July 16, 2010 at 1:46 pm
I was updated an identity value on a table in my DB.
The drive the DB was on ran out of room.
I rebooted the server...and now my DB said it was 'In Recovery'
I let that finish...now it says "lock request time out period exceeded"
What can I do..this is production!
July 16, 2010 at 1:55 pm
Can you kill the offending spid?
July 16, 2010 at 1:58 pm
krypto69 (7/16/2010)
I was updated an identity value on a table in my DB.The drive the DB was on ran out of room.

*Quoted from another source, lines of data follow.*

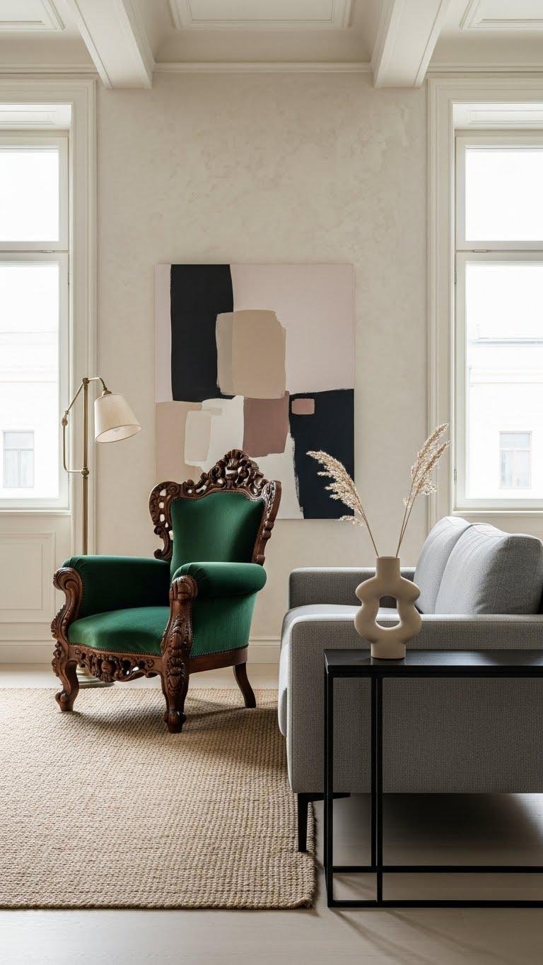 You’ll balance vintage modern finds with minimalist lines, embracing curated contrasts that free your style. Choose one statement antique, echo its tone in fabrics, and let clean geometry and restrained palettes keep the look polished, personal, and effortlessly luxurious.
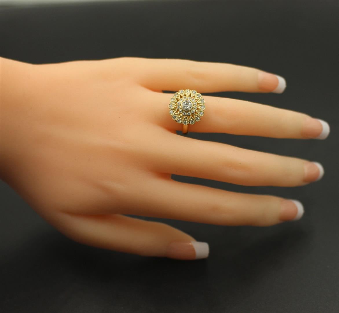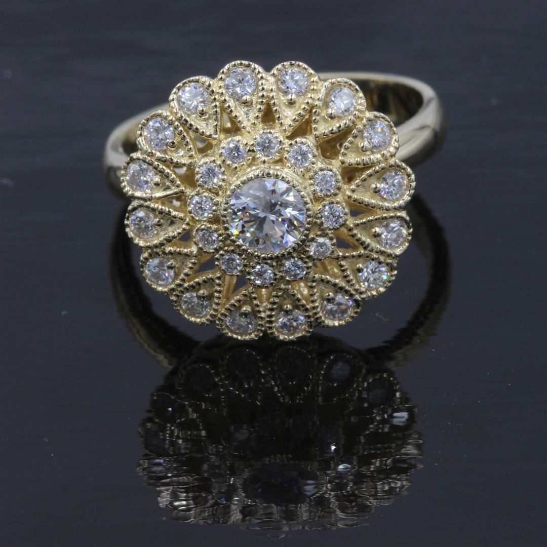 One 14K Yellow Gold Ladies Elegant Fashion Diamond Ring. Total carat weight is 0.73 Ct. Size 6.50 but resizable. Total gram weight 5.44 g. Condition is brand new. Center diamond weight 0.30 carats, shape brilliant round cut. Side diamonds total carats 0.43 ct. Color is G-H, clarity SI1- SI2, shape brilliant round cut, cut excellent.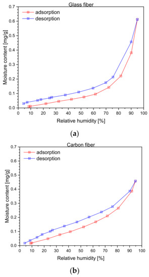 The sorption isotherms of glass fibers type 92125 FK800 at 23 °C are shown in Figure 3a. The moisture load in the glass fibers starts at a RH of 10% and increases exponentially with increasing RH. The fibers have a significantly lower total moisture load compared to the matrix components. The maximum moisture load near the saturation vapor pressure is 0.62 mg/g. The moisture release of the glass fibers takes place directly when the saturation vapor pressure is undershot, i.e., no plateau is formed between adsorption and desorption. The desorption behaves similar to the adsorption. An almost complete release of the moisture load can be seen. Figure 3b shows the moisture content of carbon fibers in relation with RH. The carbon fibers also have a comparatively low moisture load. The moisture uptake starts at a relative humidity of 10% and behaves almost linearly up to 70%. The maximum value of moisture loading near the saturation vapor pressure is 0.48 mg/g. The desorption curve of the carbon fiber is nearly similar to the adsorption curve. The moisture load decreases to almost 0%.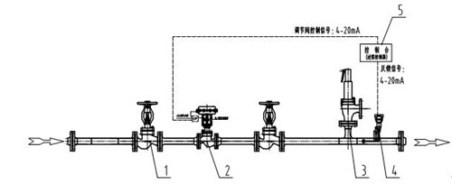 1、截止閥 2、氣動調節閥(附帶定位器) 3、安全閥 4、 壓力變送器 5、控制臺(過程控制器)

I rebooted the server...and now my DB says 'In Recovery'
What can I do..this is production!
You shutdown the server in the middle of transaction. If you want everything get recovered, there will no other option than waiting to recover... You can check SQL Server Error Log to see the progress of recovery.
July 16, 2010 at 2:01 pm
Check Paul Randall's site - he has a lot of great posts about Recovery.
July 16, 2010 at 2:03 pm
I waited for the server to get out of recovery..which it did..
But when I expand on anything I get the "lockout time out period exceeded" error 1222
I tried changing the timeouit setting in options..but no help...
there are no locks/blocks
July 16, 2010 at 2:12 pm
Can you find the spid assigned to your transaction? select * from sysprocesses or better yet if you are in 2005
SELECT * FROM
(SELECT QS.*,
SUBSTRING(ST.text, (QS.statement_start_offset/2) + 1,
((CASE statement_end_offset
WHEN -1 THEN DATALENGTH(ST.text)
ELSE QS.statement_end_offset END
- QS.statement_start_offset)/2) + 1) AS statement_text
FROM sys.dm_exec_query_stats AS QS
CROSS APPLY sys.dm_exec_sql_text(QS.sql_handle) as ST) as query_stats
Look at the Text and see where your task is assigned and kill it.